Telenor and Cisco are helping young people build digital skills, prepare for their future
A leading telecommunications company with 212 million subscribers across the Nordic countries and Asia, Telenor has teamed up with Cisco to uplift society, reduce inequality, and promote digital inclusion.
Industry: Service provider
Location: Oslo, Norway
With many already on the wrong side of the digital divide, young people in South and Southeast Asia were disproportionately impacted by the COVID-19 pandemic.
"The pandemic exposed digital inequalities and expanded the gaps related to digital access, skills, and inclusion—especially in the developing parts of the world," says Zainab Hussain Siddiqui, vice president and head of sustainability at Telenor. "Millions of young people missed out on education and economic opportunities and were pushed further behind."
This didn't sit well with Telenor, which has a longstanding track record of using technology to uplift society, reduce inequality, and promote digital inclusion. With the digital divide growing in the markets it serves, Telenor refocused its efforts on three critical needs of young people:
Telenor is confronting these gaps and priorities head-on. And they are working with like-minded partners that can help maximize the reach and impact of their efforts.

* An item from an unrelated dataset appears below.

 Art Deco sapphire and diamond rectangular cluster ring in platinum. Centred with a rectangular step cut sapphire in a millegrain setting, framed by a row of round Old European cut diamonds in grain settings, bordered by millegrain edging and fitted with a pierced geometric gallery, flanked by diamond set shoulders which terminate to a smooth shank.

"We have a longstanding commercial partnership with Cisco, and it became clear we have the same goals when it comes to youth empowerment, digital skills, and safe connectivity," Siddiqui says. "It was a no-brainer to expand our relationship and address these huge challenges together."

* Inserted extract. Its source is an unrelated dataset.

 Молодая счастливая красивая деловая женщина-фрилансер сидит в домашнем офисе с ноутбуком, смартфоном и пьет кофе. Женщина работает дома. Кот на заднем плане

As part of a joint purpose agreement, Telenor and Cisco launched pilot programs in Bangladesh and Thailand to help confront and narrow the digital divide.

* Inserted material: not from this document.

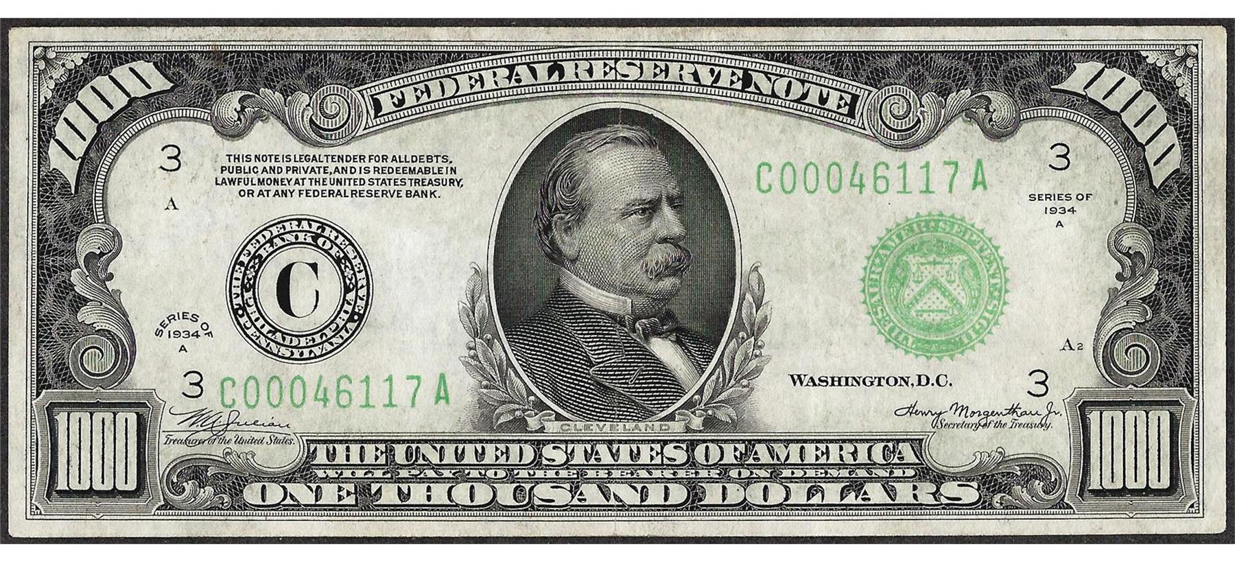 One 1934A $1,000 Federal Reserve Note Philadelphia.

“We are working with Cisco to confront inequalities, build digital skills, and prepare young people for their future. It's a shared value concept. When society does better, businesses do better, too.”Zainab Hussain Siddiqui, Vice President and Head of Sustainability
Grameenphone, a Telenor subsidiary and the largest mobile operator in Bangladesh, launched the GP Explorer program in 2021 to increase the digital skills and industry readiness of Bangladeshi university students. With the help of Cisco, the goals, reach, and curriculum of the program—which was relaunched as GP Academy—were all expanded.
"University curriculums don't evolve as quickly as technology and business," says Teodora Mitrovska-Forbord, director of sustainability at Telenor. "GP Academy was designed to help bridge the gaps between academic and professional worlds, helping equip Bangladeshi students with the skills they'll need to make the leap into the workforce."
The program included introductory and graduate-level courses on programming, IoT, and cybersecurity, developed by Cisco Networking Academy. Cisco subject matter experts taught the advanced courses.
The program also offered Cisco-led mentorship opportunities for women enrolled in Bangladesh universities. "Gender equality and inclusion continue to be a problem in South Asia," Mitrovska-Forbord says. "We believe GP Academy had a positive impact on the 16,000 university students who enrolled."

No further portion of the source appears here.